11/26/08

A David Foster Wallace Collection Post!

The same obsessive studying that helped me come alive also kept me dead: it was a way to hide from people, to try to earn—through ‘achievement’ or whatever—permission to be at Amherst that I was too self-centered to realize I’d already received when they accepted me... It took years after I’d graduated from Amherst to realize that people were actually far more complicated and interesting than books, that almost everyone else suffered the same secret fears and inadequacies as I, and that feeling alone and inferior was actually the great valent bond between us all.

-in 'Brief Interview with a Five Draft Man'


Michael Pietsche, the editor... said it seemed to him like a piece of glass that had been dropped from a great height.

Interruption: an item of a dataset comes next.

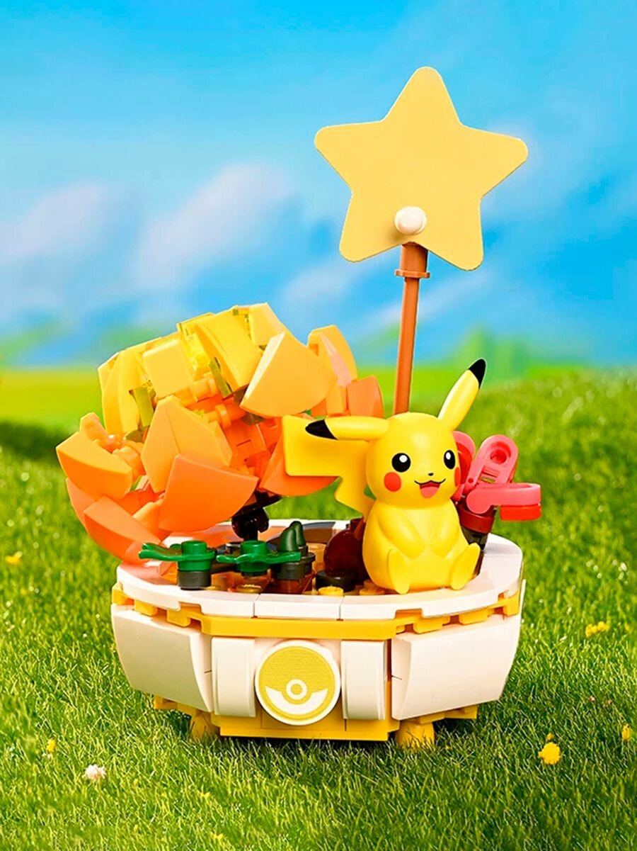 Конструктор из мини блоков - цветок с покемоном Пикачу информация:

And that was the first time that anybody had ever conceptualized what was to me just a certain structural representation of the way the world kind of operated on my nerve endings, which was as a bunch of discrete random bits, but which contained within them, not always all that blatantly, very interesting connections.

-in an interview with Michael Silverblatt discussing Infinite Jest, fractals and Sierpinski Gaskets


"If the book's about anything," he said, "it's about the question of why am I watching so much shit? It's not about the shit. It's about me: Why am I doing it? The original title was A Failed Entertainment, and the book is structured as an entertainment that doesn't work" — characters developing and scattering, chapters disordered — "because what entertainment ultimately leads to is 'Infinite Jest,' that's the star it's steering by."

-in 'The Lost Years and Last Days of David Foster Wallace'


When you exit these pages after that month of reading, you are a better person. It’s insane, but also hard to deny. Your brain is stronger because it’s been given a month-long workout, and more importantly, your heart is sturdier, for there has scarcely been written a more moving account of desperation, depression, addiction, generational stasis and yearning, or the obsession with human expectations, with artistic and athletic and intellectual possibility. The themes here are big, and the emotions (guarded as they are) are very real, and the cumulative effect of the book is, you could say, seismic. It would be very unlikely that you would find a reader who, after finishing the book, would shrug and say, “Eh.”

-Dave Eggers in the new foreword to Infinite Jest, where he also tries to answer the question: "Is it our duty to read Infinite Jest?"